What Are Variable Expenses in the Cost-Volume-Profit Income Statement?
Business owners analyze the cost of their supplies, the market selling price and current sales volumes. They review their financial statements and calculate financial ratios. Business owners also need to consider the impact on their financial statements that comes from selling additional units. This increases the company's revenue, but not by the complete selling price. Cost-volume-profit analysis (CVP analysis) enables the company to understand the impact of each additional sale. Companies use CVP income statements to assist in this analysis.
-
Variable and Fixed Expenses
-
In order to create CVP income statements and perform CVP analysis, the company needs to segregate its variable expenses. The company reviews each of the expenses incurred by the company to determine which are fixed and which are variable. Variable expenses remain constant for each unit. However, total variable expenses increase as the total production increases. Fixed expenses remain the same in total regardless of the production quantity.
Contribution Margin
-
The contribution margin refers to the dollars available after considering all variable costs. The total contribution margin represents the total dollars remaining after subtracting the total variable costs from the total sales. The unit contribution margin refers to the amount of dollars contributed after selling one additional unit. The unit contribution margin is calculated by subtracting the variable cost per unit from the unit selling price.
-
CVP Income Statement Format
-
A CVP income statement communicates the contribution margin calculation in total and per unit. The CVP income statement starts by listing the total sales for the period. Then the total variable costs are subtracted to determine the total contribution margin. The company subtracts the fixed expenses from the contribution margin to calculate the net income for the period. The CVP income statement includes another number column that considers the per-unit dollars.

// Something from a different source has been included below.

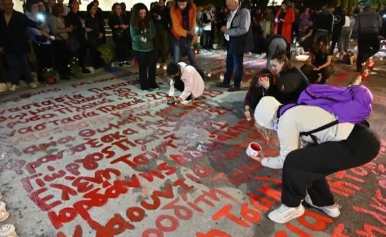 Στη χθεσινή συγκέντρωση που πραγματοποιήθηκε στο Σύνταγμα οι συγγενείς των θυμάτων έγραψαν ξανά τα ονόματα με κόκκινη μπογιά, δηλώνοντας με αυτή την κίνηση πως τα ονόματα όσων έχασαν τη ζωή τους στα Τέμπη δεν θα τα σβήσει η φθορά του χρόνου.

The unit selling price is listed first. The company subtracts the variable cost per unit and determines the contribution margin per unit.
CVP Analysis
-
Companies use CVP analysis to determine how many units they must sell to break even or to earn a target profit level. The breakeven point occurs when the net income on the CVP income statement equals zero. Total sales divided by the unit selling price determines the sales quantity necessary to break even. Companies calculate the breakeven sales quantity by dividing total fixed expenses by the unit contribution margin. Companies calculate the sales quantity necessary to reach a target profit by dividing the sum of the total fixed expenses and the target profit by the unit contribution margin.